A 42-year-old woman presented with a right breast lump, lower back pain, loss of height, marked kyphosis and hepatomegaly. Core biopsies from the breast lump showed ductal carcinoma in situ (sample labelled P1.1; Supplementary Fig. 1 and Supplementary Table 1). An additional biopsy from an ipsilateral axillary lymph node (P1.2) revealed metastatic ductal adenocarcinoma (ER+ (8/8) and HER2+ (3+)). Computed tomography scan revealed widespread metastatic disease in bones, pleura and liver (Supplementary Fig. 2 and Supplementary Table 2). The patient was started on treatment with trastuzumab and taxane-based chemotherapy, with a significant partial response (Supplementary Fig. 3). After induction chemotherapy, she was maintained on tamoxifen and trastuzumab. After 19 months on treatment, she presented with seizures and head computed tomography revealed a large metastasis in the left frontal lobe (Supplementary Fig. 4), which was resected (M2.1). Therapy with tamoxifen and trastuzumab was continued and collection of plasma samples was initiated (samples T1–T9). Four months after surgery, she had enlarging liver lesions and a new metastatic deposit in the left ovary (Supplementary Fig. 5). Treatment was switched to a combination of lapatinib and capecitabine, resulting in stable disease for 12 months (Supplementary Fig. 6). General deterioration then occurred, with disease progression in the chest (new pulmonary nodules, bilateral pleural effusions and posterior chest wall mass, Supplementary Fig. 7; Eastern Cooperative Oncology Group performance status 2–3). Treatment was stopped and the patient died 4 months later.

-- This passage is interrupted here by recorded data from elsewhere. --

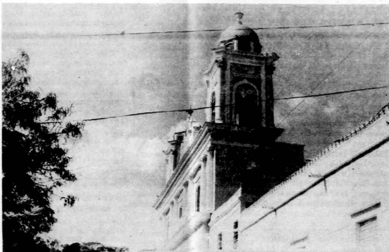
Sv. Kazimiero bažnyčia San Casimiro miestely, Aragavos provincijoje, Venecueloj, bokštai.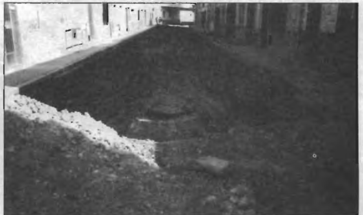
Obras en la calle Goya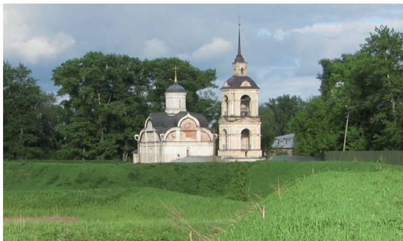
3 – De Sint-Isidoruskerk (1566) is sinds de aanleg van de wallen ingesloten in het meest noordoostelijk gelegen bastion van de vestingstad.

werden gebouwd. De succesvolle campagne van de Pools-Litouwse troepen zal hebben bijgedragen aan het besef dat deze verdedigingsmethode niet effectief is wanneer een vijand over modern geschut beschikte. Om de noodzakelijke vestingbouwkundige vernieuwingen in Rusland door te voeren nam men buitenlandse ingenieurs in dienst, zoals ook in het verleden bijvoorbeeld al Italianen waren aangesteld om de muren van het Kremlin in Moskou te ontwerpen (1485-1495).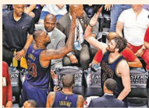
勒邦占士(左)與路夫擊掌慶祝。

Tumour samples were obtained at diagnosis from the primary breast site (P1.1) and an axillary lymph node (P1.2); after 19 months from the brain metastasis area (M2.1); and at autopsy after 3 years on treatment (from the primary breast site, and from metastatic deposits in the chest, liver, ovary and vertebrae, labelled P3.1 and M3.1–M3.4, respectively). Serial plasma samples were obtained over the last 500 days of clinical follow-up (T1–T9). Tumour and plasma samples collected and the clinical course are summarized in Fig. 1a,b.

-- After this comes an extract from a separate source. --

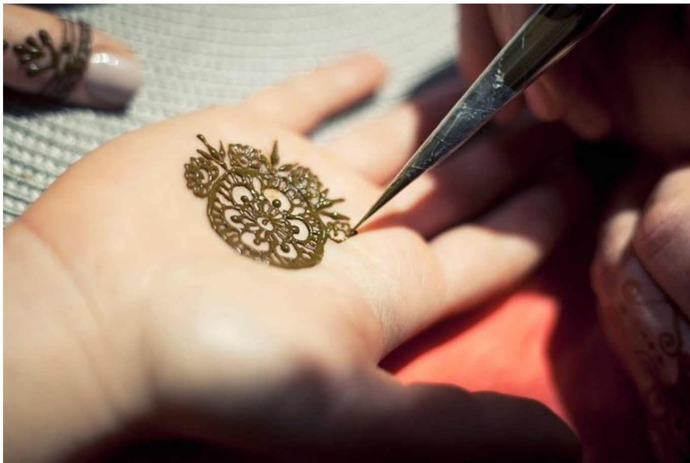
Zdjęcie promujące wydarzenie: "Warsztat Mehendi - malowanie henną"

Figure 1: Inference of clonal structure from multiregional tumour biopsies.
figure 1

(a) Tumour samples collected from the patient, labelled P (primary) and M (metastasis). Numbers preceding dot (1,2 and 3) correspond to time of collection: 1, collected at diagnosis; 2, collected at the time of resection of brain metastasis; 3, collected at autopsy. (b) Timeline describing clinical course, samples collected, treatments administered and selected imaging assessments. Plasma DNA samples are labelled 1 through 9. Imaging assessments were performed using computed tomography scans. Histopathological and imaging findings are summarized in Supplementary Tables 1 and 2 and Supplementary Figs 1–6. (c) Distribution of 207 validated functional mutations in tumour and plasma samples, ordered by mutation clusters inferred using PyClone from mutant allele fractions in all tumours. Red rectangles indicate high-confidence mutations with AF >2%. Blue rectangles indicated mutations detected significantly above background but with AF of 2% or lower. Stem mutations (observed ubiquitously in all tumour samples and comprising tumour cluster 1) and metastatic-clade mutations (high confidence in metastatic tumours and comprising tumour cluster 2) are readily identifiable/detectable in plasma samples. Detailed values of allele fractions are documented in Supplementary Data 1–3. (d) Tumour phylogenetic tree, inferred by clonal ordering given distribution of high-confidence mutations in tumour samples shown in a. Length of each branch of the tree correlates with the number of mutations on the branch as indicated. Exome-sequencing results for samples P1.2 and M3.4 were not available and therefore private mutations for these branches cannot be identified. Assignment of mutations to each branch is documented in Supplementary Data 1. (e) Mean predicted cellular frequency of each cluster identified by PyClone across the tumour samples.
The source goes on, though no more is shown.